◆ Exercise materials ◆
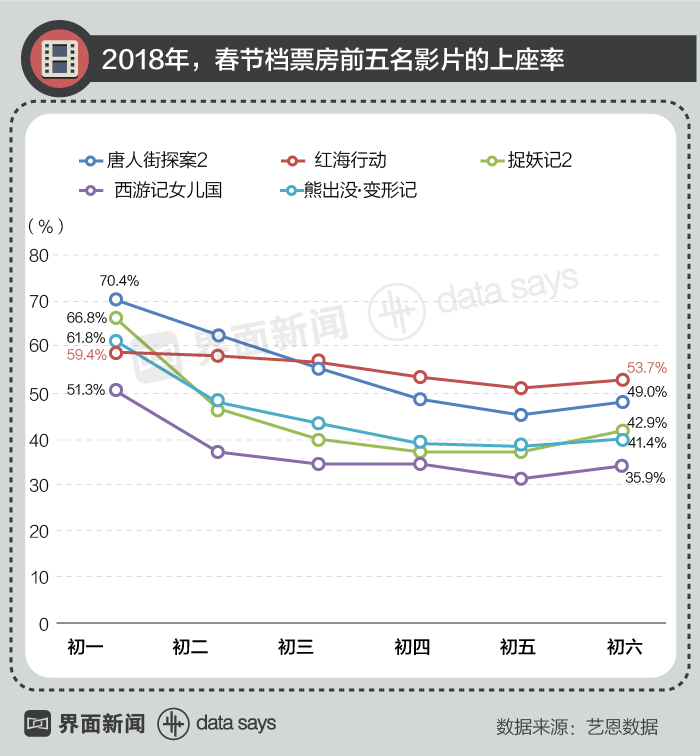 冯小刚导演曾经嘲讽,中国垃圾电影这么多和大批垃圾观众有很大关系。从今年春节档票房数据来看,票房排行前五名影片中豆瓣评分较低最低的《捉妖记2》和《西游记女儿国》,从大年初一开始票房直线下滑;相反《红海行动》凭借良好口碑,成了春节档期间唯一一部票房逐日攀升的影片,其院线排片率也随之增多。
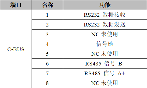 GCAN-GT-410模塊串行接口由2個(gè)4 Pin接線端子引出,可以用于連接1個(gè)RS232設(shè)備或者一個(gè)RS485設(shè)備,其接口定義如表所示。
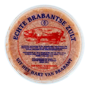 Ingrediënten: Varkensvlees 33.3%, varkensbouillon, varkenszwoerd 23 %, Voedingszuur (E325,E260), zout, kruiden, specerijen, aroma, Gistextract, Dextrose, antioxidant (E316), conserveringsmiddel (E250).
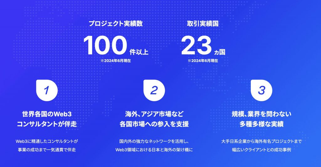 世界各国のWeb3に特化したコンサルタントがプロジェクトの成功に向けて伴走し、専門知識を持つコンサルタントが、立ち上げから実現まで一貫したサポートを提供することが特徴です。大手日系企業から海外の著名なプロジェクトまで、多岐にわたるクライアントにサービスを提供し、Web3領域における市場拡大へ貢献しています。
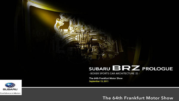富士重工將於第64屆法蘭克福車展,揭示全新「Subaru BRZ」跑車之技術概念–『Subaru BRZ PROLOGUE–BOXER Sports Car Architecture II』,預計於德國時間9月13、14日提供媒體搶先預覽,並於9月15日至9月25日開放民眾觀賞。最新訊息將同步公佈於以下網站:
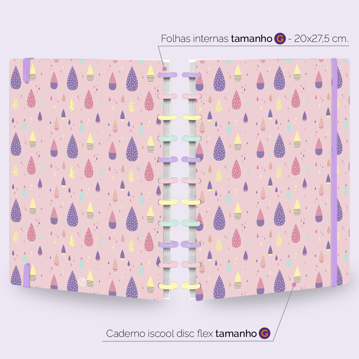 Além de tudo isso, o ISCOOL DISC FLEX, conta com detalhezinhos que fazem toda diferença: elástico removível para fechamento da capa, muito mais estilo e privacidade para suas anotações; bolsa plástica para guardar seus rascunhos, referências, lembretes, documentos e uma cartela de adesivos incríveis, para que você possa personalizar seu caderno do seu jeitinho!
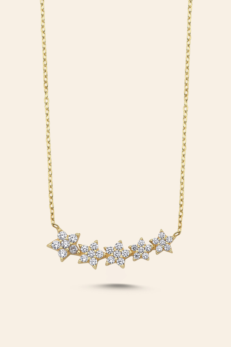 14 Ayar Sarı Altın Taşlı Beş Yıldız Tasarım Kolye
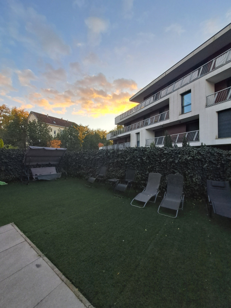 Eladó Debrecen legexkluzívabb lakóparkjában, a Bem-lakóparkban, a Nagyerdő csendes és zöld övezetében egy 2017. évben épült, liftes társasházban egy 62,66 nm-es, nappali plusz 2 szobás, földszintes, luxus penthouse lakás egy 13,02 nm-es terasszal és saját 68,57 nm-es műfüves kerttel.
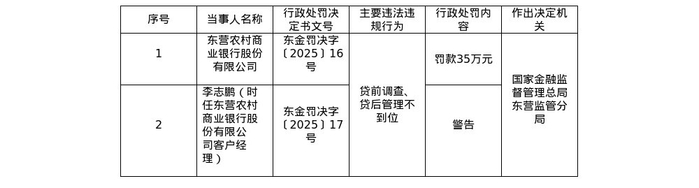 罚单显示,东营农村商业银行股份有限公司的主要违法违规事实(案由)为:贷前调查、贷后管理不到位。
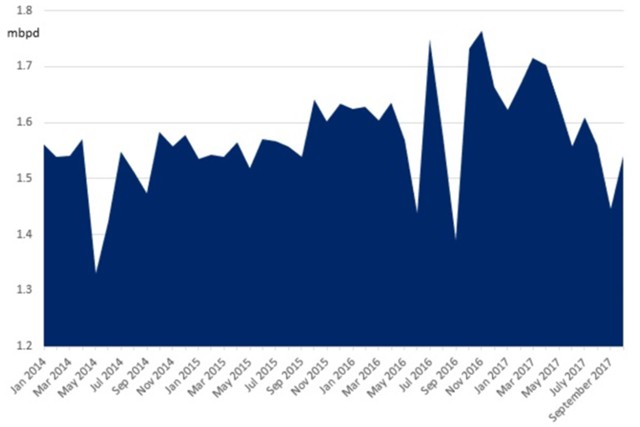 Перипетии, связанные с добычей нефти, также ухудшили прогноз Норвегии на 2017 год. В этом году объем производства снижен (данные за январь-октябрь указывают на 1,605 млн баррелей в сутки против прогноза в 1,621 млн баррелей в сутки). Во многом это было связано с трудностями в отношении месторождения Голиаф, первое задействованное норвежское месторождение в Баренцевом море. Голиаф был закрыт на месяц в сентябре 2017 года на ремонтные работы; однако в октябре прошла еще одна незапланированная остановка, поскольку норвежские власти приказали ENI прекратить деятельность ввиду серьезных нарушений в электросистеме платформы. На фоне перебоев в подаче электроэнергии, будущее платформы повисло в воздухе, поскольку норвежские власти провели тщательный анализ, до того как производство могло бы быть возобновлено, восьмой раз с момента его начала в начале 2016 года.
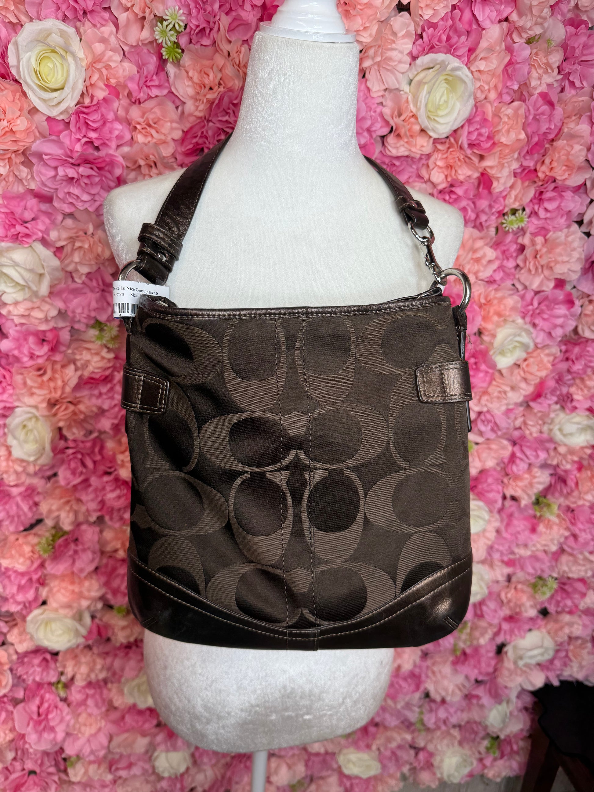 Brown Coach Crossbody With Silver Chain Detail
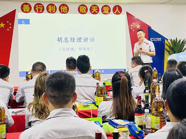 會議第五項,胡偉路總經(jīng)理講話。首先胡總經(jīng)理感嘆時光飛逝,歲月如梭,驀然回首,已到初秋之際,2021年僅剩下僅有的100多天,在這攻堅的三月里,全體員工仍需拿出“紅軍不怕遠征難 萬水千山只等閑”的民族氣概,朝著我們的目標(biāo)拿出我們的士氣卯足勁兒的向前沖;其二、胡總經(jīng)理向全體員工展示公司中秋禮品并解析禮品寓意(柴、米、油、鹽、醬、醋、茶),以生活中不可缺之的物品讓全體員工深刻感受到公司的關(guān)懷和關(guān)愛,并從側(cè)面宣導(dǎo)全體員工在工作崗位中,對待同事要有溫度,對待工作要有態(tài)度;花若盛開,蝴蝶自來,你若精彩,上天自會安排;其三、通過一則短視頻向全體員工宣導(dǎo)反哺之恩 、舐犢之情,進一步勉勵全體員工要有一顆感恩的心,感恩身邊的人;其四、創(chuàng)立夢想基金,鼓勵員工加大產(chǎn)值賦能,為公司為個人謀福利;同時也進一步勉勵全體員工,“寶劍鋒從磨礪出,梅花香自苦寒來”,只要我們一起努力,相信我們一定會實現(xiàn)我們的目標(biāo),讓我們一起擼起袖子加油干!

◆ Task ◆
Return, unchanged, the lines from the first line of the material through the line that holds "14 Ayar Sarı", inclusive, omitting pictures.

◆ Exercise solution ◆
 冯小刚导演曾经嘲讽,中国垃圾电影这么多和大批垃圾观众有很大关系。从今年春节档票房数据来看,票房排行前五名影片中豆瓣评分较低最低的《捉妖记2》和《西游记女儿国》,从大年初一开始票房直线下滑;相反《红海行动》凭借良好口碑,成了春节档期间唯一一部票房逐日攀升的影片,其院线排片率也随之增多。
 GCAN-GT-410模塊串行接口由2個(gè)4 Pin接線端子引出,可以用于連接1個(gè)RS232設(shè)備或者一個(gè)RS485設(shè)備,其接口定義如表所示。
 Ingrediënten: Varkensvlees 33.3%, varkensbouillon, varkenszwoerd 23 %, Voedingszuur (E325,E260), zout, kruiden, specerijen, aroma, Gistextract, Dextrose, antioxidant (E316), conserveringsmiddel (E250).
 世界各国のWeb3に特化したコンサルタントがプロジェクトの成功に向けて伴走し、専門知識を持つコンサルタントが、立ち上げから実現まで一貫したサポートを提供することが特徴です。大手日系企業から海外の著名なプロジェクトまで、多岐にわたるクライアントにサービスを提供し、Web3領域における市場拡大へ貢献しています。
富士重工將於第64屆法蘭克福車展,揭示全新「Subaru BRZ」跑車之技術概念–『Subaru BRZ PROLOGUE–BOXER Sports Car Architecture II』,預計於德國時間9月13、14日提供媒體搶先預覽,並於9月15日至9月25日開放民眾觀賞。最新訊息將同步公佈於以下網站:
 Além de tudo isso, o ISCOOL DISC FLEX, conta com detalhezinhos que fazem toda diferença: elástico removível para fechamento da capa, muito mais estilo e privacidade para suas anotações; bolsa plástica para guardar seus rascunhos, referências, lembretes, documentos e uma cartela de adesivos incríveis, para que você possa personalizar seu caderno do seu jeitinho!
 14 Ayar Sarı Altın Taşlı Beş Yıldız Tasarım Kolye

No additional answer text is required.